The Whales' Financial Loop: How Altcoins Are Designed to Trap You
Assalamu Alaikum. How are you brothers?
I hope you are doing well. By looking at the title, you have surely understood what today’s discussion is about. As far as we all know, there are countless coins in the crypto world. Among them, the top 20 crypto coins are—BTC, ETH, LitCoin, AltCoin, and many others.
Now, do you know that among all the coins in the crypto world, Bitcoin is the king of them all? Why? That question is surely coming to your mind. So why wait? Let’s enter into the detailed discussion. Please read the discussion patiently.
BTC VS All Crypto: Why BTC is the King
1. Stability and Discovery:
First, let us talk about discovery and stability.

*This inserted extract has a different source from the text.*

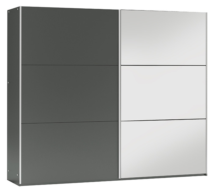 Šatní skříň s posuvnými dveřmi v moderním provedení vhodná do monochromatického interiéru. Korpus i dvířka jsou z kvalitní LTD desky grafitové barvy. Dveře jsou v barvě grafitové doplněné zrcadlem. Uspořádání polic viz. obrázek. Dodáváme v demontovaném stavu.CASA 31057
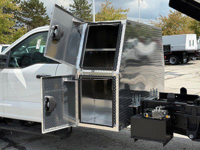 This 2026 Ford F-550 XL Diesel 4x4 is built for heavy-duty performance with a 9-foot stainless steel dump body and a PTO hoist for reliable operation on any job site. It features a rear hitch plate setup, aluminum backpack toolbox, manual tarp system, and a rear backup camera for enhanced safety and convenience. Powered by a strong diesel engine and a 4x4 drivetrain, this truck offers a 19,550-pound GVWR and rides on durable 19.5-inch wheels. Power windows, locks, and mirrors add comfort and functionality for everyday work use.

You probably already know that BTC is the very first crypto coin. BTC was first created in 2009, and from 2011 its value was determined and it was introduced into the market. It has now survived successfully for almost 17 years.
On the other hand, the other crypto coins were created later and introduced into the market. Basically, after seeing BTC, the idea for creating other crypto coins came, and those coins were later created and are now already in the market.
2. Decentralization:
BTC is a completely decentralized coin. It is not controlled by any country, society, family, group, company, fund, person, or organization. It is completely free from control or uncontrolled. The main reason for this is its countless public nodes and miners.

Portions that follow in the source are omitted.